### Your goal
The records below are to be restated word for word, with their images omitted.

Dataset entries:
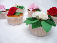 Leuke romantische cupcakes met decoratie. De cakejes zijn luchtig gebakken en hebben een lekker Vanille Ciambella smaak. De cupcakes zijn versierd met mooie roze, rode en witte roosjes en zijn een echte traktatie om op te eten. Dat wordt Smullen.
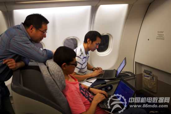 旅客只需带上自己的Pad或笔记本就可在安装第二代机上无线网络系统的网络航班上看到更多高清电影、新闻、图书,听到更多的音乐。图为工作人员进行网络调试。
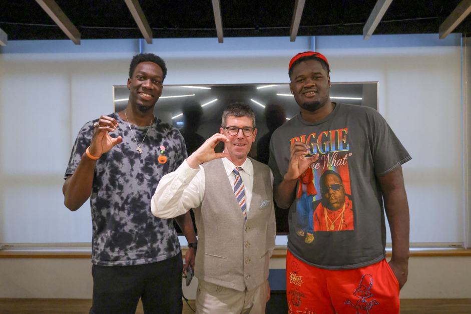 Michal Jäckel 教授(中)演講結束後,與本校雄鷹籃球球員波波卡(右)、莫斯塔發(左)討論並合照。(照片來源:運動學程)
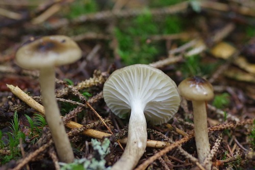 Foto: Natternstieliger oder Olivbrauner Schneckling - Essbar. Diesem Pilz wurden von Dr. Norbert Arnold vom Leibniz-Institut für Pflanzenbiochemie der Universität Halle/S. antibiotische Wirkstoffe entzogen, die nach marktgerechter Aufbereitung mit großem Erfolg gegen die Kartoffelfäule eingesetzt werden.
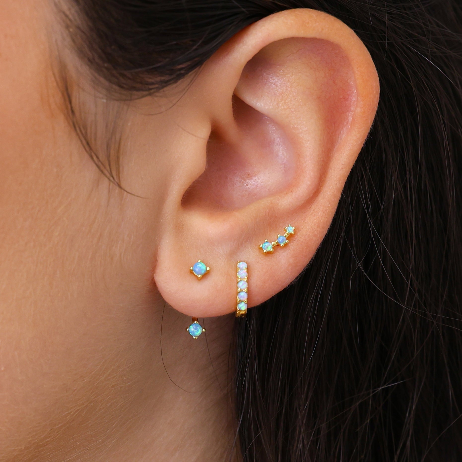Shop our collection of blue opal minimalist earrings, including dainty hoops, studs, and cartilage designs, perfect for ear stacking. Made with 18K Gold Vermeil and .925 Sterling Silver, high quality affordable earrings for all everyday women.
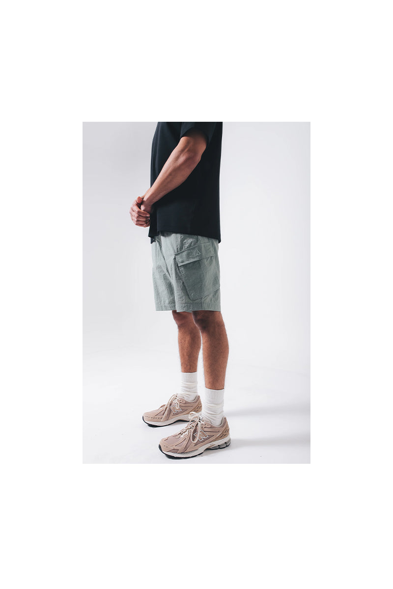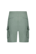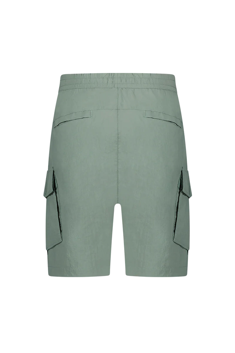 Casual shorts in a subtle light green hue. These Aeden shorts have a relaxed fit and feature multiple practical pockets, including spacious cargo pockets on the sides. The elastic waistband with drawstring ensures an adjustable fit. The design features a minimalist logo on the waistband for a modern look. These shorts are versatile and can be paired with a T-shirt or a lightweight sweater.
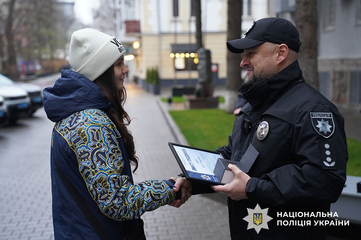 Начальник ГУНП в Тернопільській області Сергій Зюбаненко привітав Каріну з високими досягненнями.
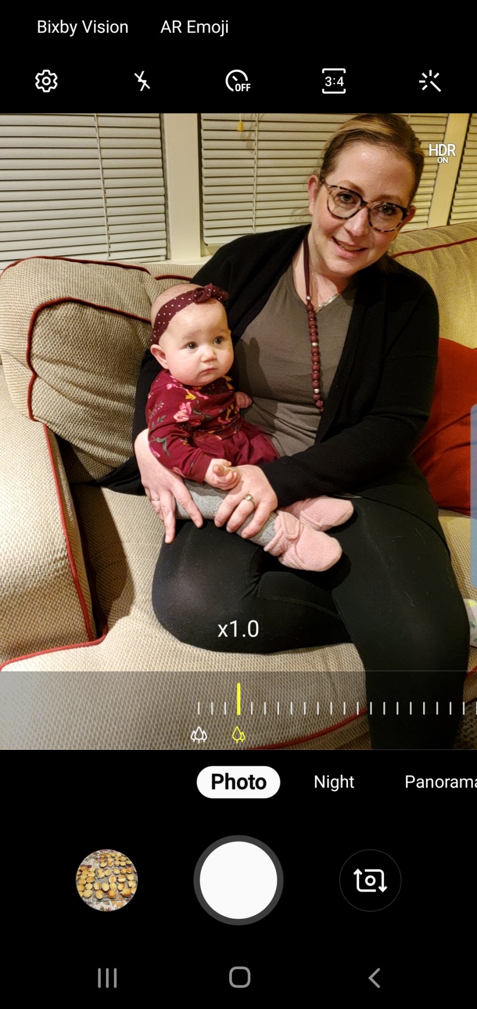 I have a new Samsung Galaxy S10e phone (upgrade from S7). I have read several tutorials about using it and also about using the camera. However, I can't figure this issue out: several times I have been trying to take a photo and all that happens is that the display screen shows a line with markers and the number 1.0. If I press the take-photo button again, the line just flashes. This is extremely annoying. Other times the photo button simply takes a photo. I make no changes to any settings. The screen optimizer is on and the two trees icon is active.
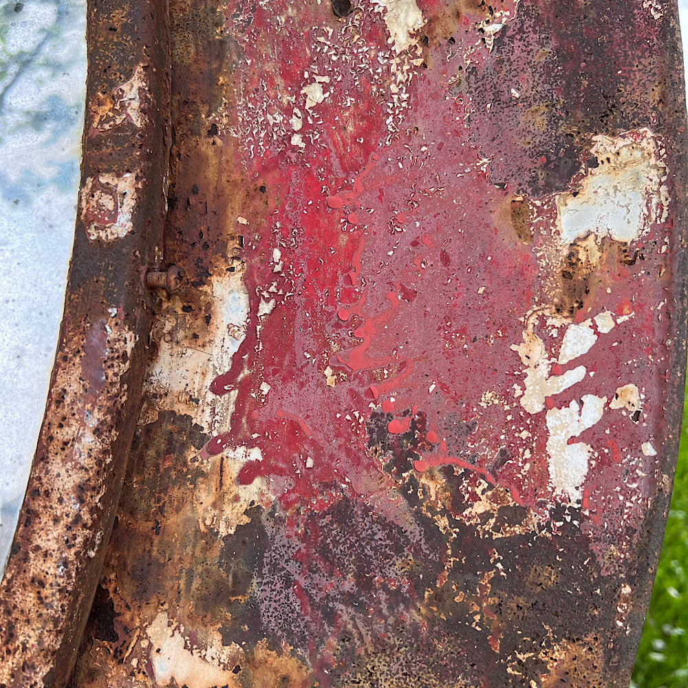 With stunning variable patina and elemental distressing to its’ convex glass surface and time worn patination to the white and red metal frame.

### Task answer
 Leuke romantische cupcakes met decoratie. De cakejes zijn luchtig gebakken en hebben een lekker Vanille Ciambella smaak. De cupcakes zijn versierd met mooie roze, rode en witte roosjes en zijn een echte traktatie om op te eten. Dat wordt Smullen.
 旅客只需带上自己的Pad或笔记本就可在安装第二代机上无线网络系统的网络航班上看到更多高清电影、新闻、图书,听到更多的音乐。图为工作人员进行网络调试。
 Michal Jäckel 教授(中)演講結束後,與本校雄鷹籃球球員波波卡(右)、莫斯塔發(左)討論並合照。(照片來源:運動學程)
 Foto: Natternstieliger oder Olivbrauner Schneckling - Essbar. Diesem Pilz wurden von Dr. Norbert Arnold vom Leibniz-Institut für Pflanzenbiochemie der Universität Halle/S. antibiotische Wirkstoffe entzogen, die nach marktgerechter Aufbereitung mit großem Erfolg gegen die Kartoffelfäule eingesetzt werden.
Shop our collection of blue opal minimalist earrings, including dainty hoops, studs, and cartilage designs, perfect for ear stacking. Made with 18K Gold Vermeil and .925 Sterling Silver, high quality affordable earrings for all everyday women.
 Casual shorts in a subtle light green hue. These Aeden shorts have a relaxed fit and feature multiple practical pockets, including spacious cargo pockets on the sides. The elastic waistband with drawstring ensures an adjustable fit. The design features a minimalist logo on the waistband for a modern look. These shorts are versatile and can be paired with a T-shirt or a lightweight sweater.
 Начальник ГУНП в Тернопільській області Сергій Зюбаненко привітав Каріну з високими досягненнями.
 I have a new Samsung Galaxy S10e phone (upgrade from S7). I have read several tutorials about using it and also about using the camera. However, I can't figure this issue out: several times I have been trying to take a photo and all that happens is that the display screen shows a line with markers and the number 1.0. If I press the take-photo button again, the line just flashes. This is extremely annoying. Other times the photo button simply takes a photo. I make no changes to any settings. The screen optimizer is on and the two trees icon is active.
 With stunning variable patina and elemental distressing to its’ convex glass surface and time worn patination to the white and red metal frame.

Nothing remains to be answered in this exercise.